Symptoms of Alzheimer's disease include loss of memory and cognitive impairment in sufferers. The disease is characterised by the deposition of self-assembled proteins in the form of Amyloid plaques and Neurofibrillary tangles comprised of Abeta and tau proteins respectively.
Dementia Research Group
Alzheimer’s disease (AD) is the commonest cause of dementia. Current treatments for AD provide only short term symptomatic benefit and efforts to date to identify therapies with the ability to slow down or prevent progression of disease have been unsuccessful.
Identification of effective therapies remains of paramount importance and there is an urgent need to address the underlying reasons behind the successive failures. There are three main reasons for these failures:
1) there remain significant knowledge gaps in understanding of AD pathophysiology, and these gaps hinder progress in drug discovery. Specifically, there remains significant uncertainty about the mechanisms by which the amyloid-beta peptide, an acknowledged central component of AD pathology, causes neuronal toxicity which leads ultimately to neuronal dysfunction and death.
2) it is widely accepted that AD patients used in previous trials have been too advanced in their disease and that future disease-modifying therapies are likely to exert greater beneficial effect if applied earlier in the disease.
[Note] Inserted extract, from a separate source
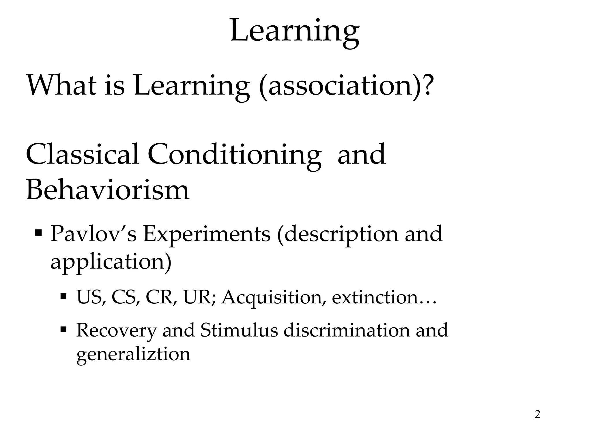 1. The document summarizes key concepts in learning from classical and operant conditioning. It describes Pavlov's experiments with classical conditioning and key terms like the unconditioned stimulus, conditioned stimulus, and conditioned response.
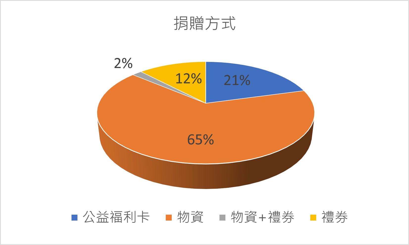 三項專案總計捐贈 58 間醫院及社褔單位,捐贈金額 2,999,348元(市價)。

To address this, it is essential that early markers for AD are first identified.
3) the choice of optimal outcome measures by which to measure treatment effect in AD trials has yet to be determined.
The Dementia Research Group is a group of Researchers based at the University of Sussex and Brighton and Sussex Medical School who aim to address these knowledge gaps by focusing on greater understanding of the underlying mechanisms of disease in AD. This network encompasses neuroscientists, structural biologists, psychologists, clinicians and members of the translational drug discovery group. By exploring mechanisms of disease at the level of protein biochemistry and neuronal function, and translating this through animal models of disease to evaluation of disease effect on brain function in both healthy individuals and patients with early AD, this collective research effort will facilitate efforts to identify biomarkers of early AD as well as drug discovery programmes aimed at identifying novel therapeutic targets and their application to at-risk individuals in order to prevent or delay onset of AD.